» WHAT YOU HAVE TO DO
Repeat exactly what runs from the line containing "is removed. A" through the last line of the material below. Do not copy the pictures.

» DATASET SECTION
= Beginning of Section =

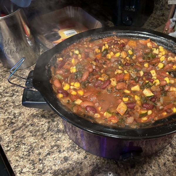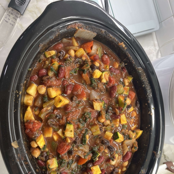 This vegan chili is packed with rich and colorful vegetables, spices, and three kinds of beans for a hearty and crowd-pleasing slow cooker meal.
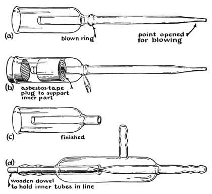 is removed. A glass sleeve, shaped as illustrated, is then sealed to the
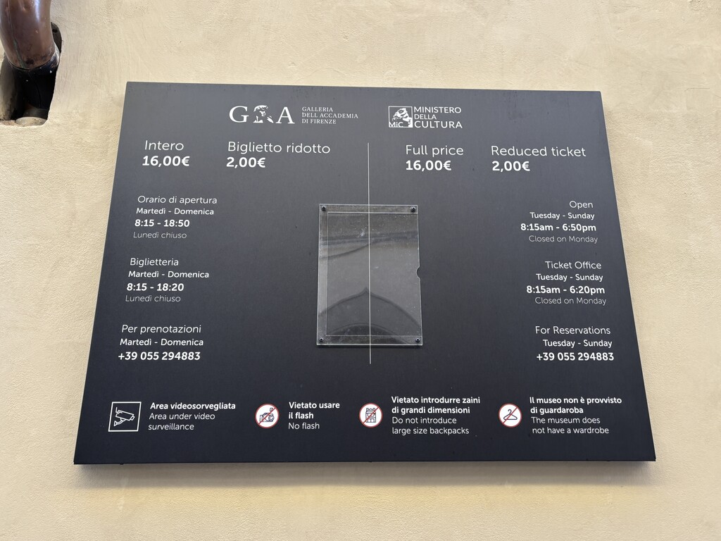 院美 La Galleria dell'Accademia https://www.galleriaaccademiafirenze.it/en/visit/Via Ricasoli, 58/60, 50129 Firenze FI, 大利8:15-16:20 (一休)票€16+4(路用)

= End of Section =

» RESULT BELOW
 is removed. A glass sleeve, shaped as illustrated, is then sealed to the
 院美 La Galleria dell'Accademia https://www.galleriaaccademiafirenze.it/en/visit/Via Ricasoli, 58/60, 50129 Firenze FI, 大利8:15-16:20 (一休)票€16+4(路用)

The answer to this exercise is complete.